Recorded information
────

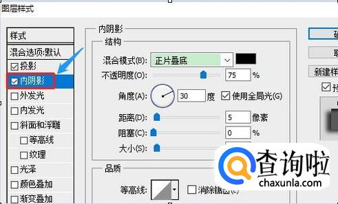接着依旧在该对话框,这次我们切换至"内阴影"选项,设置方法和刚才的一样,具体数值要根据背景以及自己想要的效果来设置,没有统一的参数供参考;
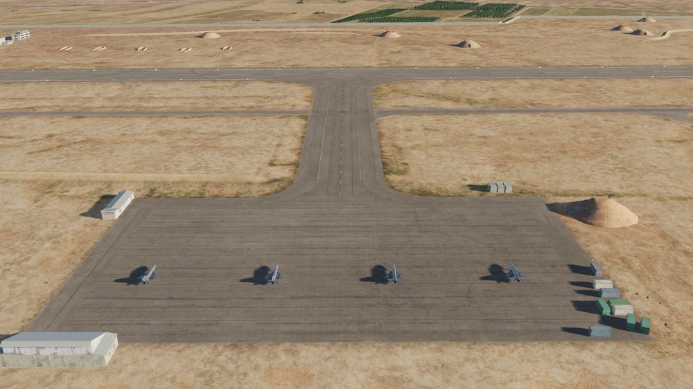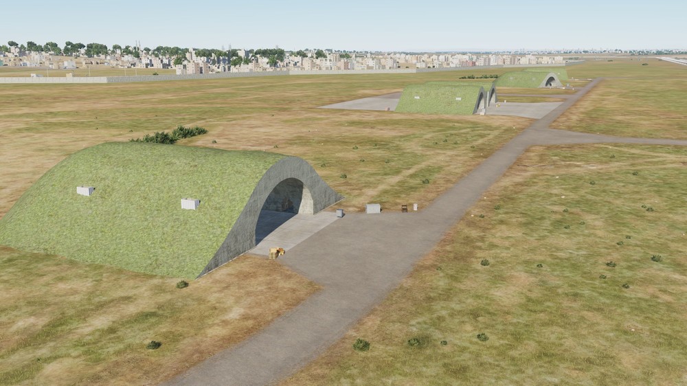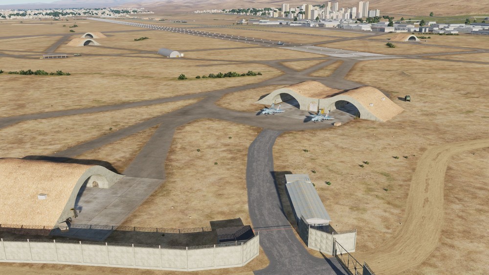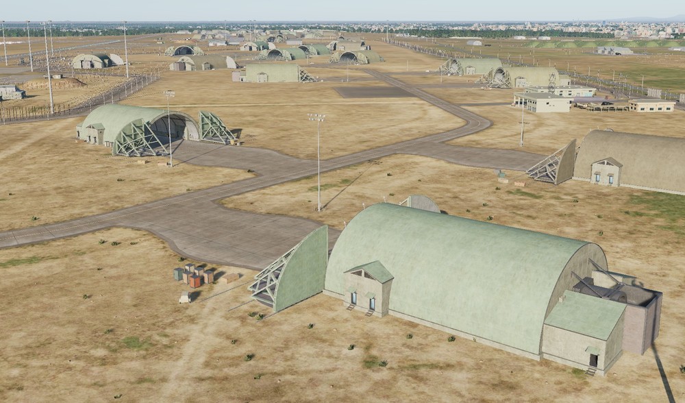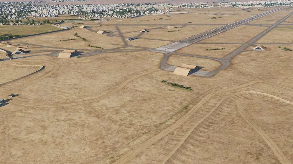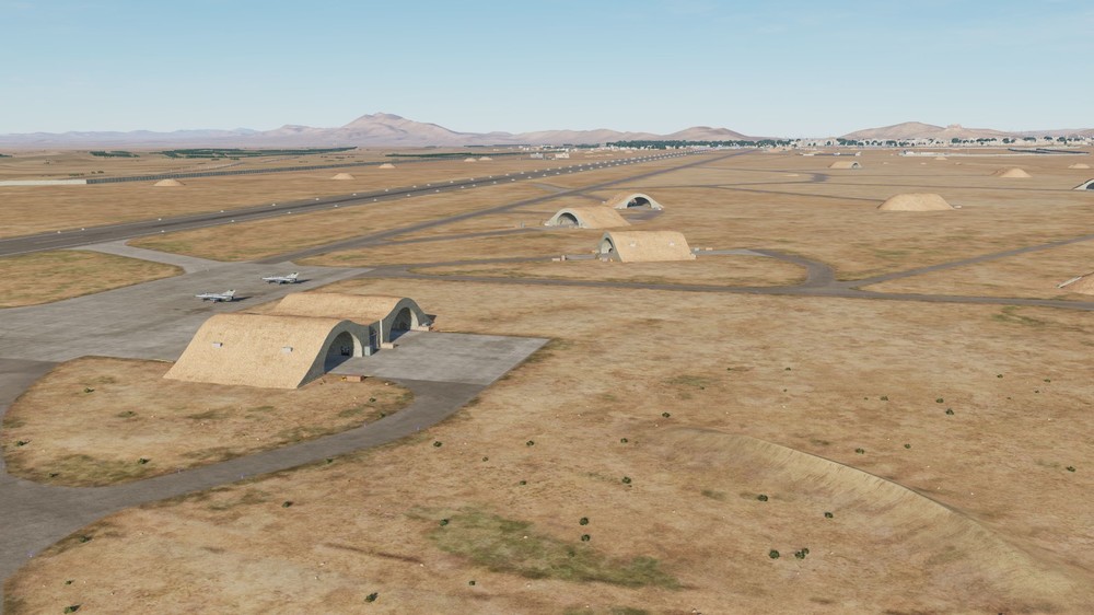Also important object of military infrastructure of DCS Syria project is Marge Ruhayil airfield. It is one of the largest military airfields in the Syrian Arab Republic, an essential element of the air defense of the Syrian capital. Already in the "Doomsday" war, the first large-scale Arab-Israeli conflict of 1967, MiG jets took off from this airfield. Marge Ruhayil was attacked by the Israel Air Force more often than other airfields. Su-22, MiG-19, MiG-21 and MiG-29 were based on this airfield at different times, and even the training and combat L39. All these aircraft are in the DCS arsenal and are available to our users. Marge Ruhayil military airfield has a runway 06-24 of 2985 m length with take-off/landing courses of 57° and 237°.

────

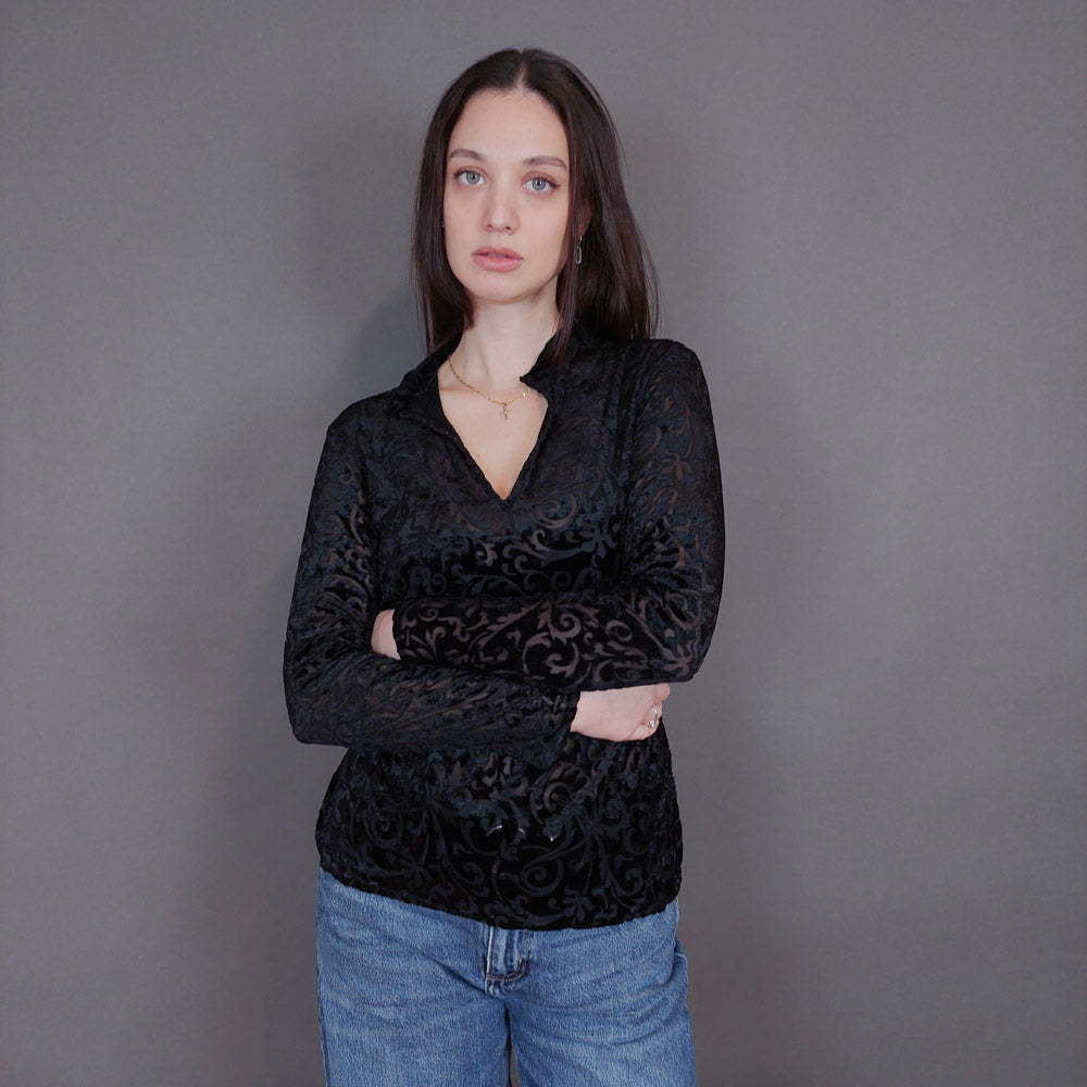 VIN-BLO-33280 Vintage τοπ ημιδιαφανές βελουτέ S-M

────

Task objective
Your reply is to be an exact repeat of the listing above from the line holding "接着依旧在该对话框,这次我们" down to the line holding "Also important object", ends included, pictures excluded.

Answer to this task
接着依旧在该对话框,这次我们切换至"内阴影"选项,设置方法和刚才的一样,具体数值要根据背景以及自己想要的效果来设置,没有统一的参数供参考;
Also important object of military infrastructure of DCS Syria project is Marge Ruhayil airfield. It is one of the largest military airfields in the Syrian Arab Republic, an essential element of the air defense of the Syrian capital. Already in the "Doomsday" war, the first large-scale Arab-Israeli conflict of 1967, MiG jets took off from this airfield. Marge Ruhayil was attacked by the Israel Air Force more often than other airfields. Su-22, MiG-19, MiG-21 and MiG-29 were based on this airfield at different times, and even the training and combat L39. All these aircraft are in the DCS arsenal and are available to our users. Marge Ruhayil military airfield has a runway 06-24 of 2985 m length with take-off/landing courses of 57° and 237°.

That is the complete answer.